> **Work task**
Starting at the first line of the listing below, repeat each line up to and including the one containing "Set by the operator, the". Leave out pictures.

======== Source material

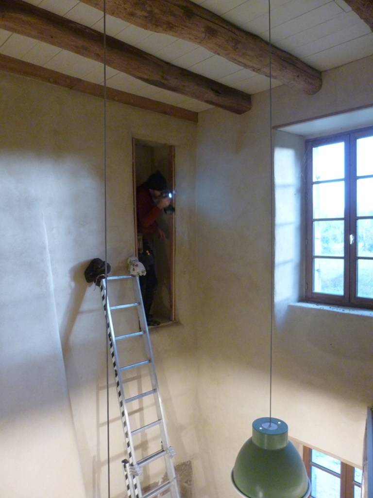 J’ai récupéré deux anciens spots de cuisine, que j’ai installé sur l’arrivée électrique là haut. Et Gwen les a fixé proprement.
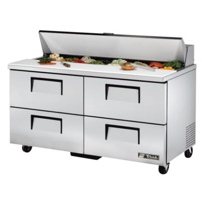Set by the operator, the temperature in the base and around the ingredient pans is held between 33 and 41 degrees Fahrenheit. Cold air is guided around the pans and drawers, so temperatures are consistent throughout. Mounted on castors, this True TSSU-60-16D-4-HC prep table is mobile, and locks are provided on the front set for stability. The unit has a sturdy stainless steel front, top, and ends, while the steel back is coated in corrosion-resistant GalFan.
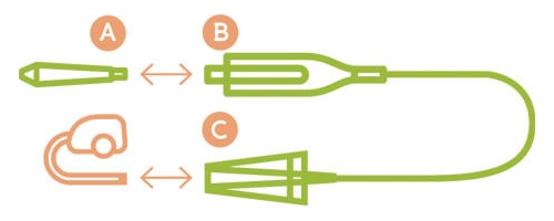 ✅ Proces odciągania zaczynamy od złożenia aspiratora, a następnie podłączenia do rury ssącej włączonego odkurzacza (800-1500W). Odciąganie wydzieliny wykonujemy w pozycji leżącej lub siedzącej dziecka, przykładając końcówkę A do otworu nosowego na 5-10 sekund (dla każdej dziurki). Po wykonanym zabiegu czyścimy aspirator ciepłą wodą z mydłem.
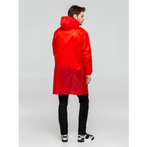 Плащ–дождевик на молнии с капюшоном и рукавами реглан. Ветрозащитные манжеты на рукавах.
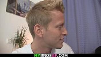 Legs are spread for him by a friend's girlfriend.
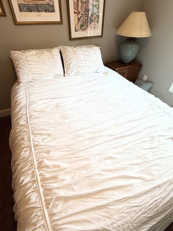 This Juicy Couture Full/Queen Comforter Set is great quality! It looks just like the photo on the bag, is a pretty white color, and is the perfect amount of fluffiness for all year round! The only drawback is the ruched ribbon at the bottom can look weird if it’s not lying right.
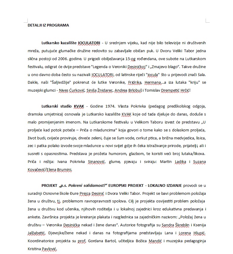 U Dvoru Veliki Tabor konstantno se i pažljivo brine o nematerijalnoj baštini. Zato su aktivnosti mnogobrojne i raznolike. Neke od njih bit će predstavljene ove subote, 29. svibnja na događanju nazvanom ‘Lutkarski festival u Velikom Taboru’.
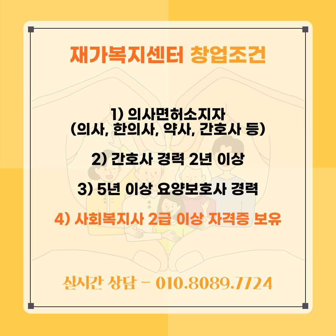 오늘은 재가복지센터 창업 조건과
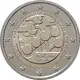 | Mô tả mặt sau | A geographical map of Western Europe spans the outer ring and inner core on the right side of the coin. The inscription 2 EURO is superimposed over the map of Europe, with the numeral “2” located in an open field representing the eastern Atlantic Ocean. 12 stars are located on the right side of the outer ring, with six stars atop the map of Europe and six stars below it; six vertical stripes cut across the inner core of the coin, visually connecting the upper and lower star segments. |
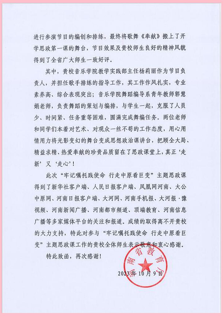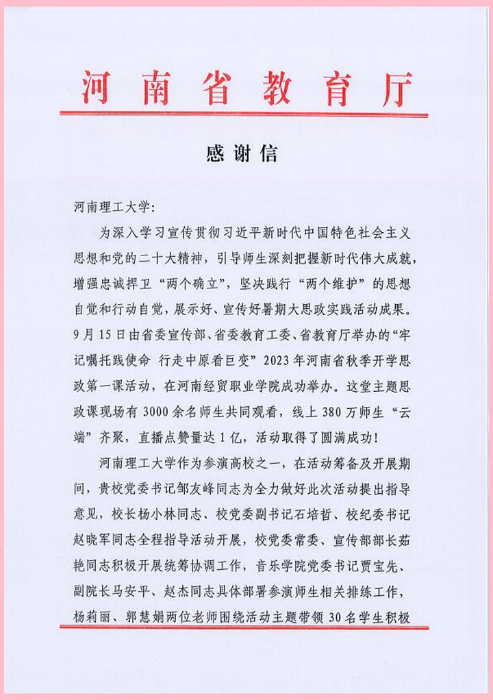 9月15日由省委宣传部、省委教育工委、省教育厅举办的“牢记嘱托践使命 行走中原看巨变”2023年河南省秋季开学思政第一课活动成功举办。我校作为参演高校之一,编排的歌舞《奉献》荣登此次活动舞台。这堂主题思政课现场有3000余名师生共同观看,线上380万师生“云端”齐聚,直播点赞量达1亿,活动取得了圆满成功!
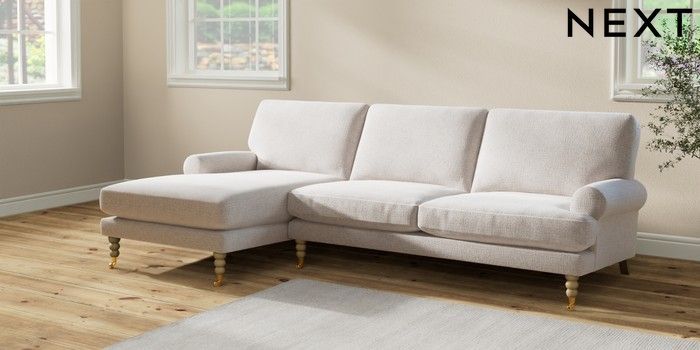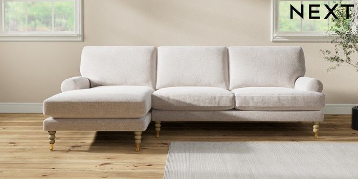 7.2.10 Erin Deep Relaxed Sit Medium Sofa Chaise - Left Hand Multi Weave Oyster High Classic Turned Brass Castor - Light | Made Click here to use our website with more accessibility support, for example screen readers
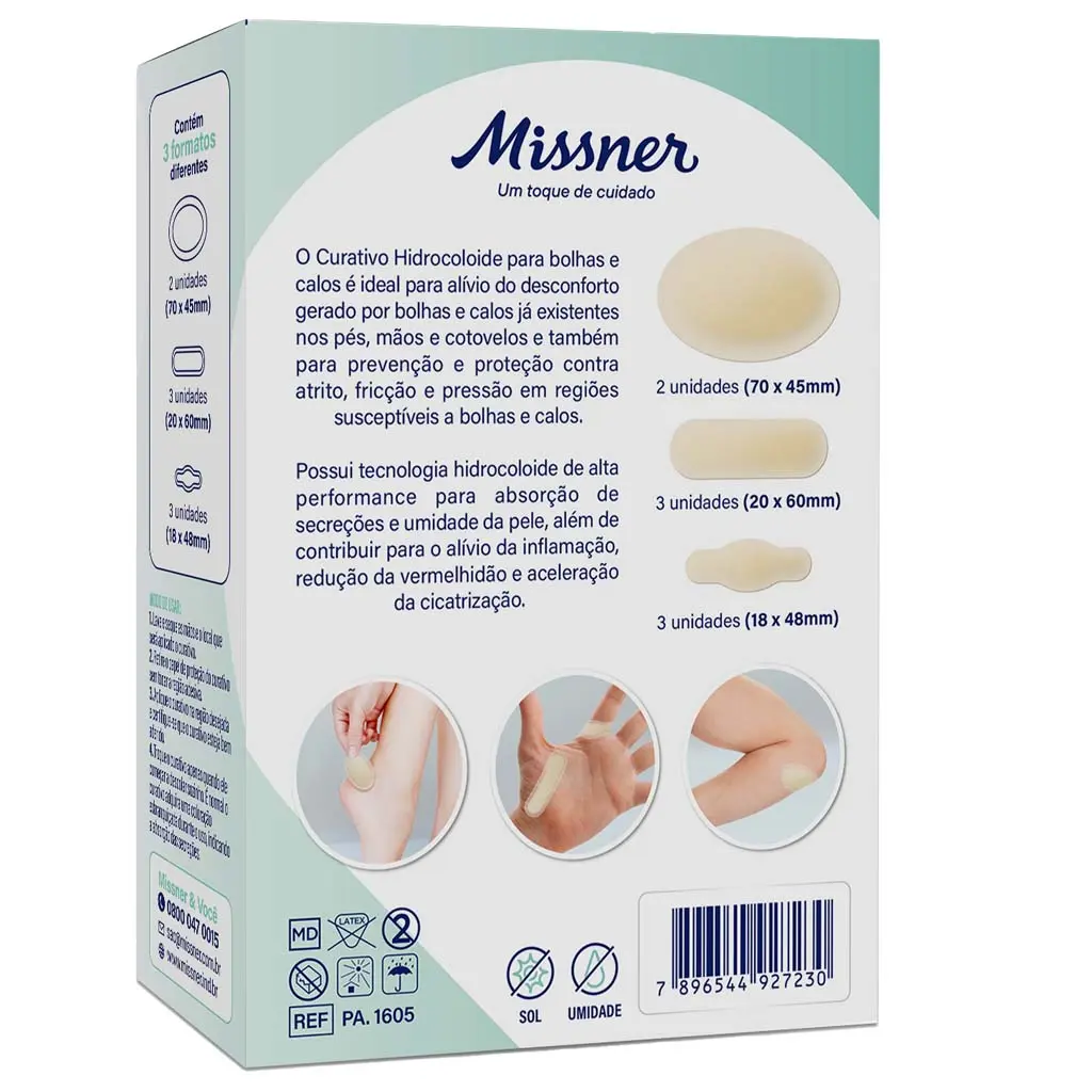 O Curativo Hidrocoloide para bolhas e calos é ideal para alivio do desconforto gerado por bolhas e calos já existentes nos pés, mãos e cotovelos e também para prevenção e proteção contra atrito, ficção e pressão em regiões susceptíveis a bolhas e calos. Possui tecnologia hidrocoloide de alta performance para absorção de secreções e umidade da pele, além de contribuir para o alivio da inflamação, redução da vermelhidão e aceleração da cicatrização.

================

> **Your solution**
 J’ai récupéré deux anciens spots de cuisine, que j’ai installé sur l’arrivée électrique là haut. Et Gwen les a fixé proprement.
Set by the operator, the temperature in the base and around the ingredient pans is held between 33 and 41 degrees Fahrenheit. Cold air is guided around the pans and drawers, so temperatures are consistent throughout. Mounted on castors, this True TSSU-60-16D-4-HC prep table is mobile, and locks are provided on the front set for stability. The unit has a sturdy stainless steel front, top, and ends, while the steel back is coated in corrosion-resistant GalFan.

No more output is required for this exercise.